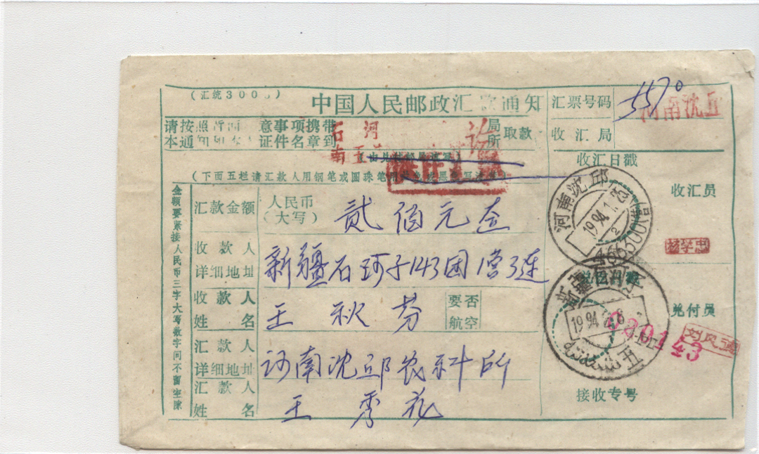<   1994年01月25日使用于沈邱的年代趣味藏品 ~ 点图放大
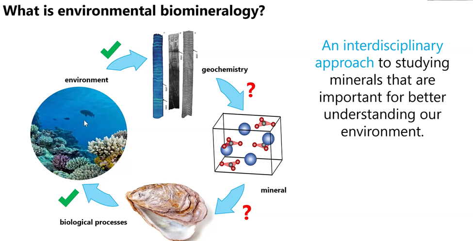 Gabriela described environmental biomineralology as having four dimensions, only two of which have been studied to date. As shown below, “environment” and the “biological processes” have the green check mark indicating they have been studied. But the “interdisciplinary geochemistry” and the “minerals” themselves, on the right-hand side of the illustration, with the red question marks, are frontiers that need to be explored.
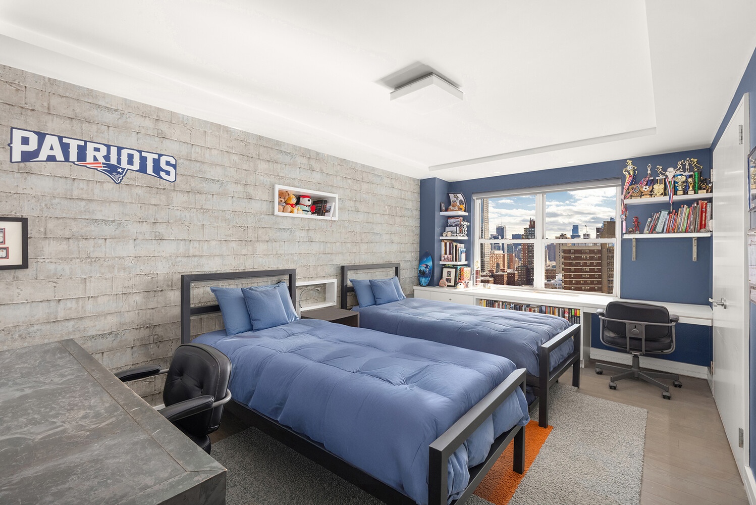 New to market and rarely available, this high floor three-bedroom, two bath home is flooded with light and offers open city views with partial river views.
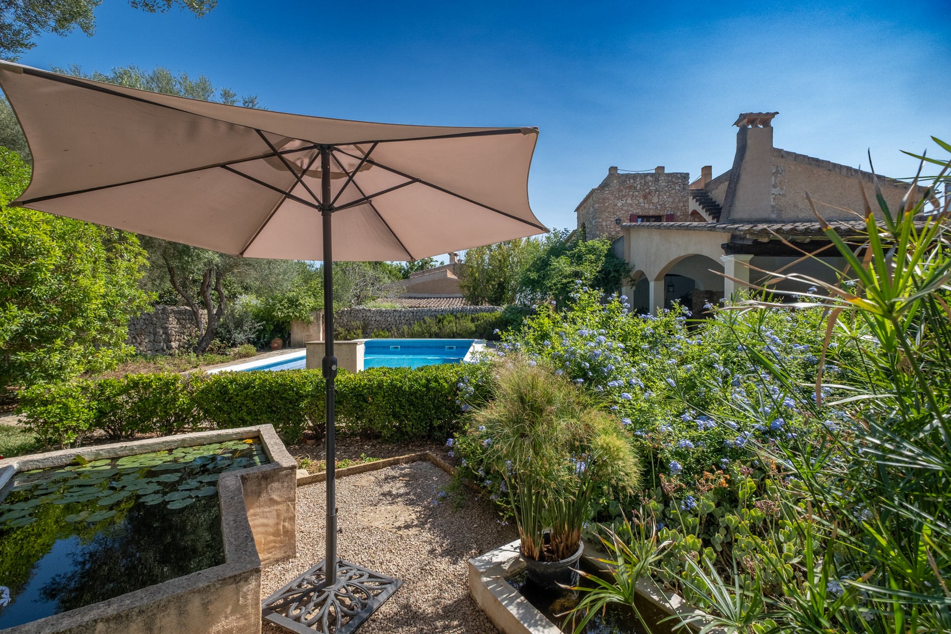 Hinter dem Haupthaus befindet sich auch ein kleiner Hühnerstall, ein Zitrushein, ein kleiner hübsch angelegte Teich, Blumen und Gemüsebeete und ein weiteres 140 Quadratmer großes Gebäude, die ehemalige Scheune, die beispielsweise zu einem eigenständigen Gästehaus oder Ateleir umgebaut werden könnte.
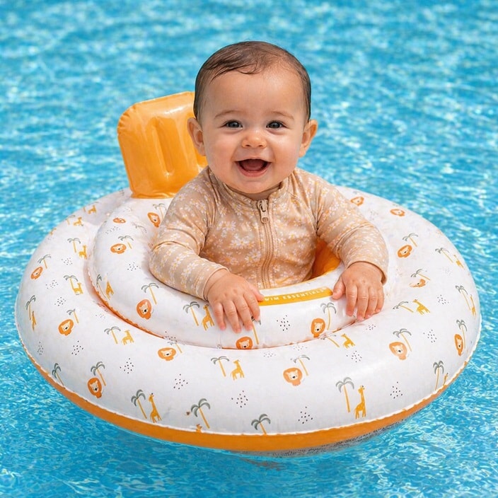 Swim Essentials Baby Float Jungle er en stabil og funktionel babybadering, perfekt til at give de mindste en tryg og sjov introduktion til vand. Med en diameter på 69 cm passer den til børn op til 11 kg (0-1 år). For ekstra sikkerhed er baderingen udstyret med fire separate luftkamre og sikkerhedsventiler, som forhindrer luftlækage, og den er sikkerhedstestet i henhold til EU-standarder. De to huller i baderingens bund giver barnet fri bevægelse af benene, samtidig med at det sidder komfortabelt og stabilt. Swim Essentials Baby Float Jungle er ideel til babys første vandoplevelser – både i poolen, på badeferie eller derhjemme – og kombinerer tryghed, komfort og leg i ét produkt.
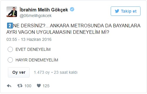 Başkan Gökçek, "Ne dersiniz? Ankara Metrosu'nda da bayanlara ayrı vagon uygulamasını deneyelim mi?" soru üzerine Twitter'dan anket çalışması başlattı.Kısa sürede çok sayıda kişi katıldı.
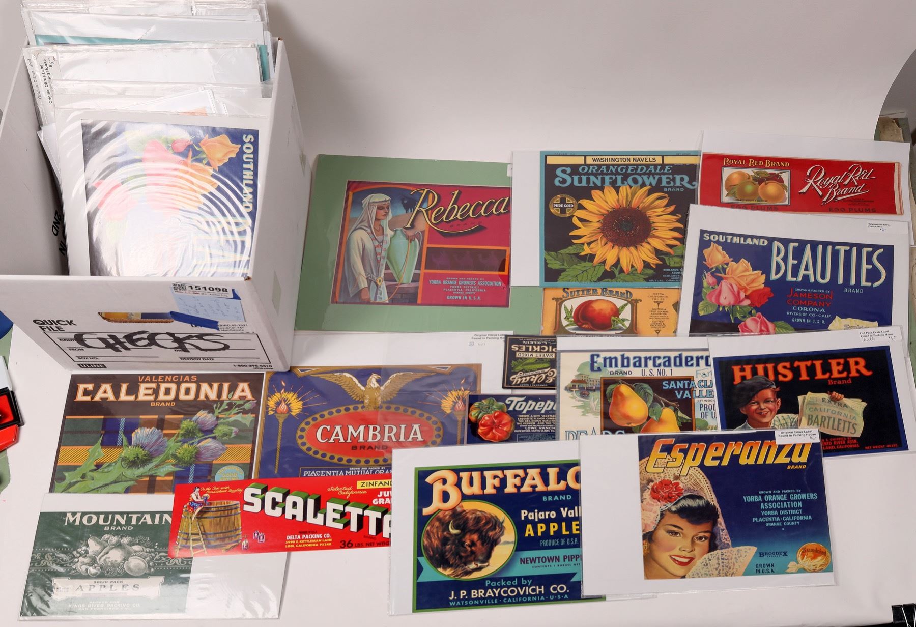 Choice dealer lot of California fruit labels. This group has a great variety of labels with nice art. Some examples include labels for pears, peaches, plums, oranges, apples, grapes, lemons, pineapples, etc. There are at least 100 pieces in this lot, if not more. Various sizes, the smallest is about 3.75 x 3.75, largest is about 14.75 x 13.75.
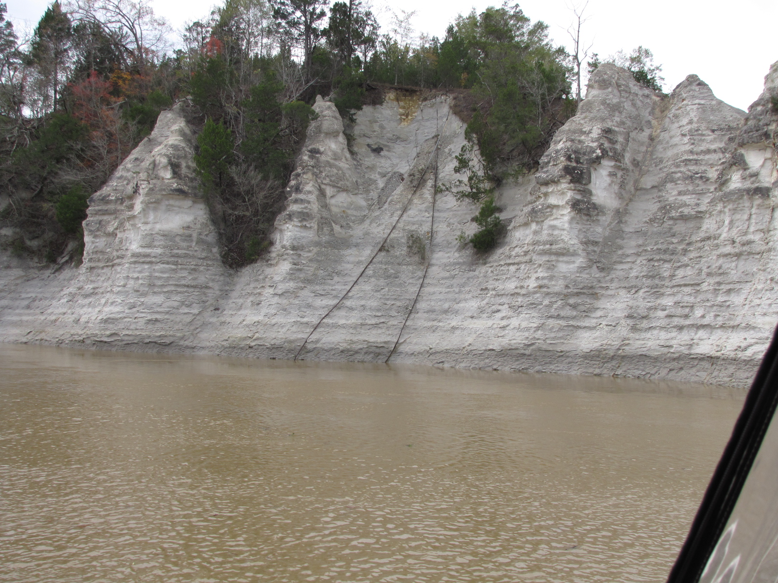 Had a great sleep, the boat hardly moved at all. There was no rush to leave early today as we’re only going 50 miles to Demopolis, and only have one lock- the Howell- Heflin which is about 4 miles away from our anchorage. Andy put the generator on and warmed up the boat, while we waited for the mist to clear up. Started the engines at 7:45, made it through the Lock by 8:30, perfect timing as a northbound tow was just coming out of it when we arrived. It started out as a sunny day but soon became overcast. Once again there was lots of debris, however as we went along it changed from the green foliage to lots of logs and broken branches. Only saw a few fishing boats on the river but the people were wearing camouflage and orange toques, so we may have mistaken fishermen for hunters. Saw these cliffs, which looked quite interesting.
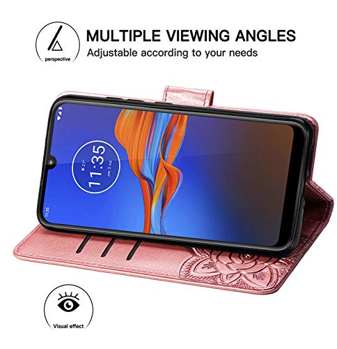 VGANA Cover Adatto per Moto Motorola E6 Plus/LMX120EMW, Romantico Rilievo della Farfalla Protettiva Portafoglio Flip Custodia.Rosa
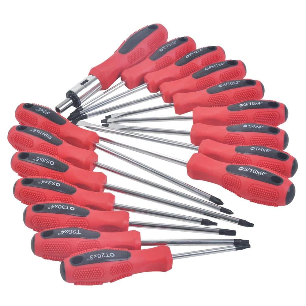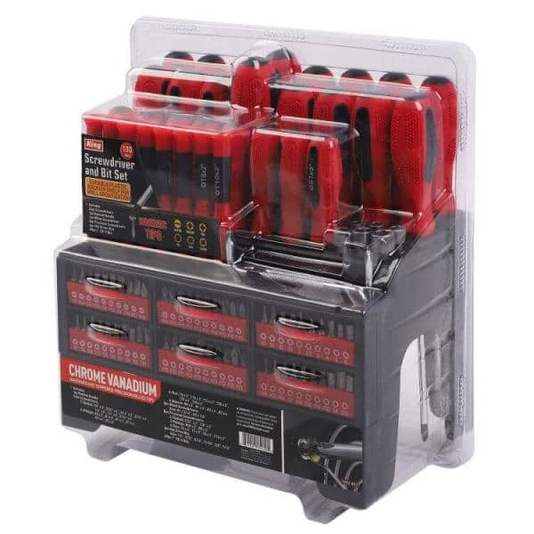 KING’s Screwdriver and Bit Set (100-Piece) is the ideal gift for any handyperson in your home. The screwdrivers and bits are made from tempered and harden steel and are made with precision equipment for superior performance and durability. The screwdriver handles are made from ergonomic rubber material for comfort and easy grip. This set includes 23 screwdrivers, 2 offset screwdrivers, 8 precision screwdrivers, 6 nut driver bits and sixty 1 in. CR-V bits.
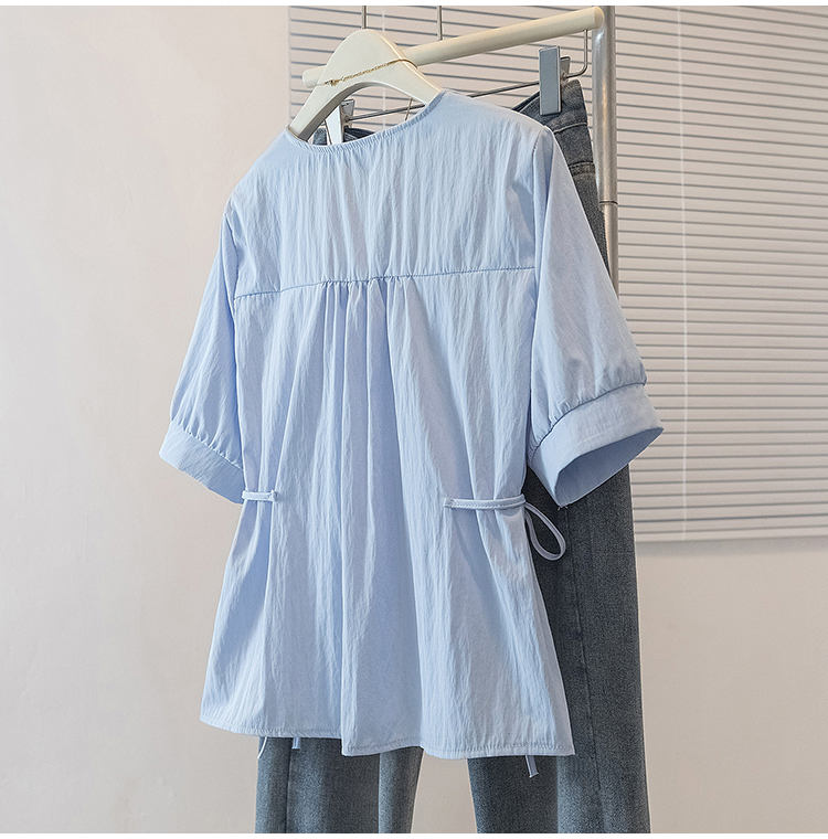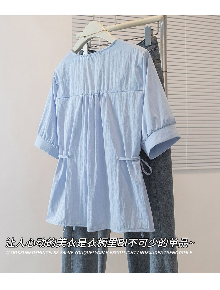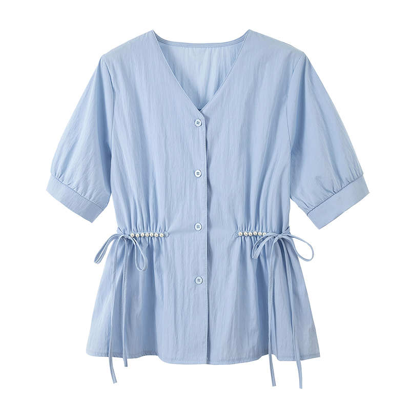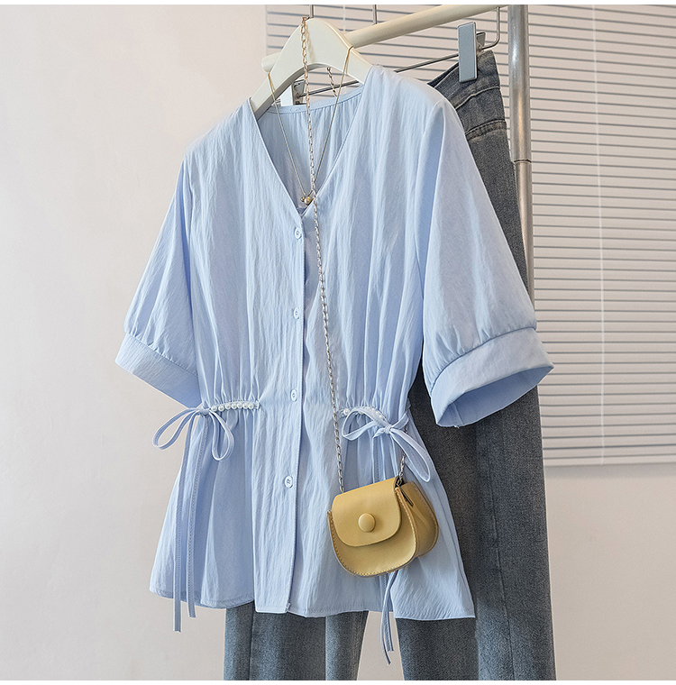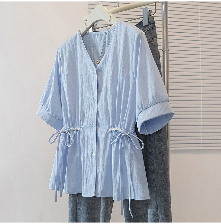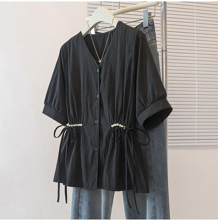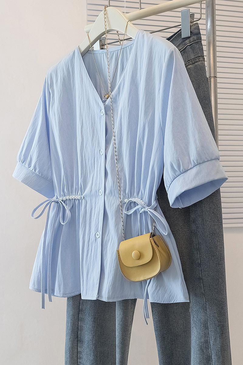 RY70098# 实拍大码女装韩版流行V领短袖衬衫胖妹妹收腰遮肉通勤时尚上衣夏

_ _ _ _ _ _ _

To do:
Please transcribe, word for word, every line from the first line of the records above through the line containing "Gabriela described environmental", and leave out any pictures.

Expected answer:
<   1994年01月25日使用于沈邱的年代趣味藏品 ~ 点图放大
 Gabriela described environmental biomineralology as having four dimensions, only two of which have been studied to date. As shown below, “environment” and the “biological processes” have the green check mark indicating they have been studied. But the “interdisciplinary geochemistry” and the “minerals” themselves, on the right-hand side of the illustration, with the red question marks, are frontiers that need to be explored.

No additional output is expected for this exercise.